Why must the charge amount be set on the server, not read from the browser?
- The browser is under the customer's control and the amount can be tampered with
- The browser cannot send numbers
- Stripe rejects amounts from the browser
- It is faster to compute on the server
Answer: The browser is under the customer's control and the amount can be tampered with. Anyone can edit a hidden field from $49.00 to $0.01, so the price must come from server code, ideally looked up by product id.
In Stripe, the unit_amount 4900 for USD represents what price?
- $4,900.00
- $490.00
- $4.90
- $49.00
Answer: $49.00. Stripe amounts are in the smallest currency unit — cents for USD — so 4900 means $49.00.
What is the authoritative signal that a payment actually cleared?

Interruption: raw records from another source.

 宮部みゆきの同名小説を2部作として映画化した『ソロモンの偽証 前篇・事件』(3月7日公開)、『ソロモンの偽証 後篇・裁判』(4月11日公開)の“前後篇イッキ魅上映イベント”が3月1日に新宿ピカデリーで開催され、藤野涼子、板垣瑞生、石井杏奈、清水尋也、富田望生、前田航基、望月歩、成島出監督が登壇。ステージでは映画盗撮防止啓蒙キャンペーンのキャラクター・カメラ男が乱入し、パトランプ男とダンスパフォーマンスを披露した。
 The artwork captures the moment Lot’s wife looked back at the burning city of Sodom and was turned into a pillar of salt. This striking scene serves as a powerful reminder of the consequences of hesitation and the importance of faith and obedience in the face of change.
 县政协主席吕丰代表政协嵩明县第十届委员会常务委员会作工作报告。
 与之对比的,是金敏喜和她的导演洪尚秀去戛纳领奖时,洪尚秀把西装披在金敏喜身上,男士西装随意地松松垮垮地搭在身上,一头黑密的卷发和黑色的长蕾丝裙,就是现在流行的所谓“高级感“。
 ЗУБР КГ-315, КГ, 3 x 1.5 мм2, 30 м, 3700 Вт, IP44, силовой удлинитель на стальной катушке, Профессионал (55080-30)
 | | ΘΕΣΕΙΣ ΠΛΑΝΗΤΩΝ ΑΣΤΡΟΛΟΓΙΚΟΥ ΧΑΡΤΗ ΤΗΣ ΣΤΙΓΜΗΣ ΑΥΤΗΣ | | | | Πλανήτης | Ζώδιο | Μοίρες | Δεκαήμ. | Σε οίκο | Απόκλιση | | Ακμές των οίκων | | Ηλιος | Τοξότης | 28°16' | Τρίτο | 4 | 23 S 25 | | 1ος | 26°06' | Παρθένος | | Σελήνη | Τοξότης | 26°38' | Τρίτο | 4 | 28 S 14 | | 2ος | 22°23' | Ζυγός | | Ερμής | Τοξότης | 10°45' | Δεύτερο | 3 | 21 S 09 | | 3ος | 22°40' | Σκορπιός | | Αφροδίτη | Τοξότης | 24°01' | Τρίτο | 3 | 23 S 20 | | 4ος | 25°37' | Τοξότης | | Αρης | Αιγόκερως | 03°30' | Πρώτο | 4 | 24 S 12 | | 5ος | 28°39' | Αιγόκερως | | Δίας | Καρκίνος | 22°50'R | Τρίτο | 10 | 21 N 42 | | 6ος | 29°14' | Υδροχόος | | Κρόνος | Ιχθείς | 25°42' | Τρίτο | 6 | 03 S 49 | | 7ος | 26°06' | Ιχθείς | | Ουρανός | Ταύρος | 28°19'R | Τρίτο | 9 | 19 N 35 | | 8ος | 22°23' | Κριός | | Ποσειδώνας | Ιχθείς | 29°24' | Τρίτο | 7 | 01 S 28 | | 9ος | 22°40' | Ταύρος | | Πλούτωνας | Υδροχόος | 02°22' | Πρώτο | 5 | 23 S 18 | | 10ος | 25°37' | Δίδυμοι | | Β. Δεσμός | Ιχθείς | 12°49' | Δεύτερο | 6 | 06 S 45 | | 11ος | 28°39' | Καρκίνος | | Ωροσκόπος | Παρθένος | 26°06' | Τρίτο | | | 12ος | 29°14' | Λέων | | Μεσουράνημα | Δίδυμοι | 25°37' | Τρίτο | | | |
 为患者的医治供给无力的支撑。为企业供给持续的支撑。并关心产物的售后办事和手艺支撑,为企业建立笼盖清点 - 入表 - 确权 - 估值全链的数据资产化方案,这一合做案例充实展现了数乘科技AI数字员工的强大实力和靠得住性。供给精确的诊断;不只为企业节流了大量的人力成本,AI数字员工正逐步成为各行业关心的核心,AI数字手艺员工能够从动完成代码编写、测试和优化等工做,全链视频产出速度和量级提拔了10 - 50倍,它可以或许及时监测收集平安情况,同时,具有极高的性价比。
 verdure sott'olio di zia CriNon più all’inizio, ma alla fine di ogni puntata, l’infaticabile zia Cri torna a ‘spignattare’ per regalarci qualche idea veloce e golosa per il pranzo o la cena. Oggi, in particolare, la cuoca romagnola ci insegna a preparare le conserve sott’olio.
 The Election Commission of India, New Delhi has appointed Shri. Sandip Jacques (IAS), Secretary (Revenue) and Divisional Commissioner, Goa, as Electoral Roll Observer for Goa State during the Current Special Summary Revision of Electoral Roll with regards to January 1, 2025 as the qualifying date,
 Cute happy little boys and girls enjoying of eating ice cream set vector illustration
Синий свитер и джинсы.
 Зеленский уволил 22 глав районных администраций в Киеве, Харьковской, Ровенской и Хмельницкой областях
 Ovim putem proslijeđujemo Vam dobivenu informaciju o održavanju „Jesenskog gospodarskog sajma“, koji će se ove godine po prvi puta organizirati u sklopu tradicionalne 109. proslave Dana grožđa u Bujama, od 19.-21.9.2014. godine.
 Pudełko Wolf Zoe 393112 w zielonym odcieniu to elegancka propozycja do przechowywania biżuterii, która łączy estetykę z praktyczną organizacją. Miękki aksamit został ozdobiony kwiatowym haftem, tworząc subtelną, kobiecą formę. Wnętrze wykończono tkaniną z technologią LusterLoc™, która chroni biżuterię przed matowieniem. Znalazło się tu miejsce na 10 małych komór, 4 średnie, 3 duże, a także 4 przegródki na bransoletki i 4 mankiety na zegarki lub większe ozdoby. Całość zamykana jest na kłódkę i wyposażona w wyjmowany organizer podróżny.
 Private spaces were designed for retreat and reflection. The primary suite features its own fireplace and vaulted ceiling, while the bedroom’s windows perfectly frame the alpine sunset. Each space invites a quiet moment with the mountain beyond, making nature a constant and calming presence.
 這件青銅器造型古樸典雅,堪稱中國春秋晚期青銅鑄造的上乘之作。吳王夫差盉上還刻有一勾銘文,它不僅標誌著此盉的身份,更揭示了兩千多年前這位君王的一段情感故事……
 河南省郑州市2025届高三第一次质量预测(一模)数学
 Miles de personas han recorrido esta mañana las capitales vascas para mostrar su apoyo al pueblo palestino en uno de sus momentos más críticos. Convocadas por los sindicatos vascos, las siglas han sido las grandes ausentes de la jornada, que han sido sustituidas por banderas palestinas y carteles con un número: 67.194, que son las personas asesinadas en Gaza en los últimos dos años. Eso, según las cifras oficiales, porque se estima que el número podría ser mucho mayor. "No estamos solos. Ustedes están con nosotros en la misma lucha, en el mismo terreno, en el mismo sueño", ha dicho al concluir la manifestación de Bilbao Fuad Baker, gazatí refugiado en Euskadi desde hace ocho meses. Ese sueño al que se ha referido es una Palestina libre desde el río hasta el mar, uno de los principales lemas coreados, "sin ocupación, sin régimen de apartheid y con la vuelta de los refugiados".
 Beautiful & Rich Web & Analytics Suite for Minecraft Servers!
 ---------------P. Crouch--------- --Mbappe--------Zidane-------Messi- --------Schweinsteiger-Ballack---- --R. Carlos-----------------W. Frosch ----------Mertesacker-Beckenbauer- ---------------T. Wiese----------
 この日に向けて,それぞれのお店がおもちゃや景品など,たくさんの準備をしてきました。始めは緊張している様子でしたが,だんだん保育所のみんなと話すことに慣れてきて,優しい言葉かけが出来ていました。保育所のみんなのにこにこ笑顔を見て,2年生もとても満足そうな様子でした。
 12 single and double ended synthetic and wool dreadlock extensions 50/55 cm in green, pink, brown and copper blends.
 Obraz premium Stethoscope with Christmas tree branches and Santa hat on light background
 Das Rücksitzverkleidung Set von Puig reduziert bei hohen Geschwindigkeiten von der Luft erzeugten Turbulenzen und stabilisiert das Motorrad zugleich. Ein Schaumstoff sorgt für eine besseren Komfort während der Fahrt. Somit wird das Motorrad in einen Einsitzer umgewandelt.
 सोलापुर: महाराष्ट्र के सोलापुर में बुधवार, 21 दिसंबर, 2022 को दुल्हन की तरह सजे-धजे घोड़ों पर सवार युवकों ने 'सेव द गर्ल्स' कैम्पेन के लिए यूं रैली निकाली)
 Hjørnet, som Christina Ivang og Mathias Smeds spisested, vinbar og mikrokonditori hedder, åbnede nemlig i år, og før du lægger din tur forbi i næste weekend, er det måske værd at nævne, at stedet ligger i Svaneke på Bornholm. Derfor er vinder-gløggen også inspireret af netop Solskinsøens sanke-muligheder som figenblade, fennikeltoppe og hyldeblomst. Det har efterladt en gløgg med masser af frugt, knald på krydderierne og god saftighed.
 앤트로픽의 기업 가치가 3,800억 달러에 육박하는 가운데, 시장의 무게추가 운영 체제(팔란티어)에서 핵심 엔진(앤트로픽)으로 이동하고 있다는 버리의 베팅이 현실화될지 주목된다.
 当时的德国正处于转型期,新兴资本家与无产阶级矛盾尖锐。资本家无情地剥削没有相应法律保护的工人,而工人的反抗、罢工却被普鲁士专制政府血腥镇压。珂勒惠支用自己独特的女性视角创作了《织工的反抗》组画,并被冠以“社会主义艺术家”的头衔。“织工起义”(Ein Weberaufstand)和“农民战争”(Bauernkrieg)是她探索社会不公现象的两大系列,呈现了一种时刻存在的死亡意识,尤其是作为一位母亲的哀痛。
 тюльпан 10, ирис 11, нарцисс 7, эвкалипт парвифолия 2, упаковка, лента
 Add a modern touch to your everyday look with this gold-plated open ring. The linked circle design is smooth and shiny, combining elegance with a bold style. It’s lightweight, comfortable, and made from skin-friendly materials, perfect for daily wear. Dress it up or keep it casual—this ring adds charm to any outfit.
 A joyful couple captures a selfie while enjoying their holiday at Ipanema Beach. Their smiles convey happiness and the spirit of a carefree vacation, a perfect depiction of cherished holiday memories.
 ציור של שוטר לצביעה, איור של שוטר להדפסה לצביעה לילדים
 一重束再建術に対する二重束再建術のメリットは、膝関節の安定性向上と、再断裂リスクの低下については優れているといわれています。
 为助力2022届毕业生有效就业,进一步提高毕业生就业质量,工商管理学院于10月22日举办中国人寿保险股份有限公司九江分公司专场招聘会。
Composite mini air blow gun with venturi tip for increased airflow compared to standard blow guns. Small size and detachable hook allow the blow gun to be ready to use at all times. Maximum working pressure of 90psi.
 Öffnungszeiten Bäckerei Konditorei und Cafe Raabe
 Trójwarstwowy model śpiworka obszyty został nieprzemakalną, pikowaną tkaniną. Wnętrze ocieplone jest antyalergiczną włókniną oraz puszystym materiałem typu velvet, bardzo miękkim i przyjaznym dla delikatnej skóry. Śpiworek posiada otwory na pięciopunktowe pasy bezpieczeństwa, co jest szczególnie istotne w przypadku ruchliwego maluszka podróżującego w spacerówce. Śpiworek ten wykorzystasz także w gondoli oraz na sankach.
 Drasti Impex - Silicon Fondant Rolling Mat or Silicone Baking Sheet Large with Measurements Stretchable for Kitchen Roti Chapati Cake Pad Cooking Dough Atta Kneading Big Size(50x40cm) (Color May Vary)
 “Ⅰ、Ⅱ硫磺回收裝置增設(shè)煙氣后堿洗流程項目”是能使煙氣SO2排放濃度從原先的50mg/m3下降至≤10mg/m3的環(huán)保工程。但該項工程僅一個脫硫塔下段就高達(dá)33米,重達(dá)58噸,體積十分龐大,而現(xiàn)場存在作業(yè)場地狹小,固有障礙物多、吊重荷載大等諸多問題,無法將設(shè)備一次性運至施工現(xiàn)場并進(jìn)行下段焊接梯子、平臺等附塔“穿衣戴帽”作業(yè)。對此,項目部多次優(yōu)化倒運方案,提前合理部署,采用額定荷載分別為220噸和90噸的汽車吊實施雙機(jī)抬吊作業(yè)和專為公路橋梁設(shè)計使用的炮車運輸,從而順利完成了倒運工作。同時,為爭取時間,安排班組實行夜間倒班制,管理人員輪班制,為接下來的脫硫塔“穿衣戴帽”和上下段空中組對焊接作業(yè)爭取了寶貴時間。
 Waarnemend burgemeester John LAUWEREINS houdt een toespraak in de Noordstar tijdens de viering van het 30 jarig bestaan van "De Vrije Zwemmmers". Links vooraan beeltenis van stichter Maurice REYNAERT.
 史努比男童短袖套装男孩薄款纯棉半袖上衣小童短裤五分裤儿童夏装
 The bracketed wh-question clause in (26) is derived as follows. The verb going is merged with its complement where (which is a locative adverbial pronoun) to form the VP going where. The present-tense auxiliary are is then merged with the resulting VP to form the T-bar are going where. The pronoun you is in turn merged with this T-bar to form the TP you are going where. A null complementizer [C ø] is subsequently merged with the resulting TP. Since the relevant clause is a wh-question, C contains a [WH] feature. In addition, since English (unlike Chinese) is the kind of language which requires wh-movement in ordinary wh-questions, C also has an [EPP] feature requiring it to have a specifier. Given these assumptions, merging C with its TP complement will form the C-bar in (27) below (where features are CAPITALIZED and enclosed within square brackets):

- The customer reaching the success_url page
- The checkout.session.completed webhook from Stripe
- The browser console showing 200 OK
- The session being created
Answer: The checkout.session.completed webhook from Stripe. The success_url redirect is best-effort UX; the webhook is the reliable, authoritative signal that the money cleared, so fulfilment belongs there.
Which function verifies that a webhook event genuinely came from Stripe?
- Webhook::constructEvent()
- json_decode()
- hash_equals()
- curl_exec()
Answer: Webhook::constructEvent(). Webhook::constructEvent() checks the Stripe-Signature header against your webhook secret and throws if the request was forged.
What does an idempotency key do on a money-moving request?
- Encrypts the request body
- Speeds up the API call
- Ensures a retried request runs the action only once and returns the original result
- Authenticates the customer
Answer: Ensures a retried request runs the action only once and returns the original result. Send the same idempotency key twice and Stripe performs the action once, so a flaky network can't double-charge or double-refund.
Which HTTP status should a webhook return for a forged/invalid signature?
- 200
- 400
- 301
- 500
Answer: 400. Reject a forged or tampered webhook with http_response_code(400) — Bad Request — and do not fulfil the order.
Why return 200 quickly from a webhook handler?
- So the customer sees the success page
- It is required to issue refunds
- To verify the signature
- So Stripe stops retrying the event
Answer: So Stripe stops retrying the event. Returning 200 tells Stripe the event was received so it stops retrying; push slow work to a queued job and return 200 right away.
Which key belongs ONLY on the server and must never reach the browser or git?
- The publishable key (pk_...)
- The secret key (sk_...)
- The session id (cs_...)
- The PaymentIntent id (pi_...)
Answer: The secret key (sk_...). Load sk_... from a git-ignored env file with getenv(); only the publishable pk_... key belongs in front-end code.
What is the relationship between a Checkout Session and a PaymentIntent?
- They are unrelated objects
- A PaymentIntent wraps many Checkout Sessions
- A Checkout Session is a higher-level wrapper that builds the hosted page and creates a PaymentIntent for you
- A Checkout Session replaces refunds
Answer: A Checkout Session is a higher-level wrapper that builds the hosted page and creates a PaymentIntent for you. A Checkout Session builds Stripe's hosted pay page and creates a PaymentIntent (which tracks one payment's lifecycle) behind the scenes.